When we need to put identical data together we can:

Select *, Avg(<attribute>)
FROM <relation>
GROUP BY <clause>;

We can further filter that aggregate appending a <restriction> using

Having <restriction>;

Having, unlike other filtering functions, only works on data aggregates.

Filtering and <restriction>s are covered below.

Conditions

SQL is capable of returning different data relations having met one of possibly multiple conditions.

Case
When <restriction_a> Then <relation_a>
When <restriction_b> Then <relation_c>
Else
  <default_relation>
End

Note:

  • Else case is optional.
  • Case returns Null when there’s no matching case.

The resulting relation can be aliased, using As, to make it easier to refer to it.

Aliasing

Aliases can help handling data aggregates, and relations.

As can be used to temporarily rename an attribute or existing data relation. It can also temporarily name resulting relations to make it easier to refer to them.

Select <extremly_long_attribute_name>  As <attribute>
From <extremly_long_relation_name_1> As <relation_1>
Join <extremly_long_relation_name_2> As <relation_2>
  On <relation_1>.id = <relation_2>.id
Order By <attribute> Desc ;

-- another example

Select <attribute>,
  CASE
  WHEN <restriction_1> THEN <relation_1>
  WHEN <restriction_2> THEN <relation_2>
  ELSE <default_relation>
  End As <result_relation>
FROM <relation>

Filter Data

Restrictions

A common way of refining queries is the use of restrictions. Some of the most common restriction operators are for:

Comparison.

=, !=, <>, <, >, <=, >=
-- eg.
<attribute> = <value>

Inclusion.

<attribute> Between <value_a> And <value_b>

Exclusion.

<attribute> Not Between <value_a> And <value_b>

Belonging.

<attribute> In(<a>, <b>, <c>)

Absence.

<attribute> Not In(<a>, <b>, <c>)

Similarity.

<attribute> Like <pattern>

Difference.

<attribute> Not Like <pattern>

Like, and Not Like may include the % wildcard to match zero or more characters, and/or _ which only matches a single character.

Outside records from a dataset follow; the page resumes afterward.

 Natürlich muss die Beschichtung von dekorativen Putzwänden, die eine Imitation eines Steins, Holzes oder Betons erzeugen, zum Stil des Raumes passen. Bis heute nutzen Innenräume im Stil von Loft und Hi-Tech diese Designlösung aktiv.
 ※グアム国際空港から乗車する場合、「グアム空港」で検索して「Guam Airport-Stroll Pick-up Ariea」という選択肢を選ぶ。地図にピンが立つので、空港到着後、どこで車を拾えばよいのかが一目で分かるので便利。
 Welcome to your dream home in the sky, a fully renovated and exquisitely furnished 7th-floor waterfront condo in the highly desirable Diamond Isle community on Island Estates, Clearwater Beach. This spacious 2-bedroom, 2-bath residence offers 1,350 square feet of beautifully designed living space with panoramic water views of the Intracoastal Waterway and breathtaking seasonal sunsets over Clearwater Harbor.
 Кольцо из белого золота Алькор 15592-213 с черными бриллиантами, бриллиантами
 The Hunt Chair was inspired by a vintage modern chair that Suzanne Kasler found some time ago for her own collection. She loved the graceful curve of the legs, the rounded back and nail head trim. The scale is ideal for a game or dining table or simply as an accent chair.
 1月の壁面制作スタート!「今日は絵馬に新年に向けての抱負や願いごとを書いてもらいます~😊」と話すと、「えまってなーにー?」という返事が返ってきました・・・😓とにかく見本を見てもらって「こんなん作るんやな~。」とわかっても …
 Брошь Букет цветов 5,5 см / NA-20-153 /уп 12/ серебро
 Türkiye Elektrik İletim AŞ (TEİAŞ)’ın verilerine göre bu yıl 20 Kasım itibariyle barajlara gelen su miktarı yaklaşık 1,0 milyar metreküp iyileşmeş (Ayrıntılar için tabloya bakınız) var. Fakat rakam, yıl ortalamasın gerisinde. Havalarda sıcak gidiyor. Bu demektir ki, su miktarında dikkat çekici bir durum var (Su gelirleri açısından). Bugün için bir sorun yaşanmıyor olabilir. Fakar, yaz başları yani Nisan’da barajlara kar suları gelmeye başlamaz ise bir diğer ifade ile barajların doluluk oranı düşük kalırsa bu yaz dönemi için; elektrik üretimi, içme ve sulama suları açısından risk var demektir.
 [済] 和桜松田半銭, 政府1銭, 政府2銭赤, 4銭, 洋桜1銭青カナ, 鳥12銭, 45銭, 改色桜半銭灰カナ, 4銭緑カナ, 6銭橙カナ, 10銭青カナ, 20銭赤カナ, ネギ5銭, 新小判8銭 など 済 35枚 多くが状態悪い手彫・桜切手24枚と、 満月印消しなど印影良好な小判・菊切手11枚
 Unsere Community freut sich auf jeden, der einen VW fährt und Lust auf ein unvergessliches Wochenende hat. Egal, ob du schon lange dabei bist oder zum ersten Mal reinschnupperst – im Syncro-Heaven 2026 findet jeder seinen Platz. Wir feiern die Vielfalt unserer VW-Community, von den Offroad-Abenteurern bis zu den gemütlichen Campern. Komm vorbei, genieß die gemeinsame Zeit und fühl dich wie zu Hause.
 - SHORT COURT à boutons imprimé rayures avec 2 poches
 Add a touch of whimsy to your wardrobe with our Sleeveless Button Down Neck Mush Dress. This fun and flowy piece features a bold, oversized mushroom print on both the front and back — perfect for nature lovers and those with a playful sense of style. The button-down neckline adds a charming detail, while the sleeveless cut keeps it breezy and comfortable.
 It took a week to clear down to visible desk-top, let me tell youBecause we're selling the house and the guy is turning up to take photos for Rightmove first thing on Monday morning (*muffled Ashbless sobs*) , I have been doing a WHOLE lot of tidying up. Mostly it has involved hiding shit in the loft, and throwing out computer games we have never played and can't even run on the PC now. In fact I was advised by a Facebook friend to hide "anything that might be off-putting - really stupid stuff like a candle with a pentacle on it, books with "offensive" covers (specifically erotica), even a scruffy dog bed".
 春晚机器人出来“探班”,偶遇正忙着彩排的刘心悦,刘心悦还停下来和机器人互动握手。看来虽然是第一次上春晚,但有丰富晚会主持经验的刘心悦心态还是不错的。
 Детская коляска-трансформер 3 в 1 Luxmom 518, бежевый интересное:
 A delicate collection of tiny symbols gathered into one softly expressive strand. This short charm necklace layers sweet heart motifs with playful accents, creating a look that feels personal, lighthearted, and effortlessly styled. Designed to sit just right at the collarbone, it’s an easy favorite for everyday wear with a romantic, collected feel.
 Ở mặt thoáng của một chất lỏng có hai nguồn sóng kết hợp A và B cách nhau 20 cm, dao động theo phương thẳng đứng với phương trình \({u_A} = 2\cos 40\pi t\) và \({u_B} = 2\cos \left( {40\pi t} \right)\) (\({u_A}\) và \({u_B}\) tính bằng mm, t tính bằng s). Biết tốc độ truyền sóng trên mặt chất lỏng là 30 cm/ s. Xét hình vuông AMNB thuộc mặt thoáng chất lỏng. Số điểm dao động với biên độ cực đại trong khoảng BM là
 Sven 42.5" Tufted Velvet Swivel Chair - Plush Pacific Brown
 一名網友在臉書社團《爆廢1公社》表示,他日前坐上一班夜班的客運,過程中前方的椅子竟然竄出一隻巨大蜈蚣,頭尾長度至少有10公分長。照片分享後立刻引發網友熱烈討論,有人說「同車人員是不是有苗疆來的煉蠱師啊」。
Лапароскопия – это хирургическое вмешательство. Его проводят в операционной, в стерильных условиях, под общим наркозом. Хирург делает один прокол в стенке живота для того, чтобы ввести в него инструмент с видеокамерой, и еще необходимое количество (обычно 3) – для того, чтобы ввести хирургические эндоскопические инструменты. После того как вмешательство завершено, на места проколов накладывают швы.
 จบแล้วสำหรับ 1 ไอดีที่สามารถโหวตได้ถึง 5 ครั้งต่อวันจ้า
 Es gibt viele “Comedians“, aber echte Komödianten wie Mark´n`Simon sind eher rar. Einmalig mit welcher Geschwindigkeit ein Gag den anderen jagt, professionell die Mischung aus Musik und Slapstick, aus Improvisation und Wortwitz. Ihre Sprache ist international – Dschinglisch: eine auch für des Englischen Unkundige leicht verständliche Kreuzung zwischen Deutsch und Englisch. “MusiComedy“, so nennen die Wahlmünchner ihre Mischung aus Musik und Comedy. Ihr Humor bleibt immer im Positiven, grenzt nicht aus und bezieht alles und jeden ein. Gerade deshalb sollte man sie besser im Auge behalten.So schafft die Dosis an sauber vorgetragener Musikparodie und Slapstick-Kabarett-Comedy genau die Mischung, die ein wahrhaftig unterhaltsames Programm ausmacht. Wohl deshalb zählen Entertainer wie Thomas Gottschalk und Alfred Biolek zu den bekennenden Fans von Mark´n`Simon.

Like %on% # matches common, honor
Like _ove # matches love, rove, cove

When for valid reasons we must allow Null as an attribute value, we need to query for its presence with Is Null or Is Not Null. = Null shouldn’t work.

Conditional filters

The most common way to specify the data we wish to retrieve is through Where.

Select <attribute>
From <relation>
Where <restriction>;

To refine our query we can use the conditionals And, Or.

Select <attribute>
From <relation>
Where <restriction_a>
And <restriction_b>
Or <restriction_c>;
Data Arrangement

To present data either in ascending (Asc) or descending (Desc) order:

Select *
From <relation>
Where <restriction_a>
Order By <attribute> Desc;

We can Limit the maximum number of tuples our query returns. Even retrieve it in chunked sections:

Select *
From <relation>
Where <restriction_a>
Order By <attribute> Desc
Limit <section_size> OFFSET <skipped_section_size>;

Data Set Aggregation

As we gather data we might find useful to combine existing relations to retrieve information.

References

We can avoid attribute name clashes by referencing the relation it belongs to.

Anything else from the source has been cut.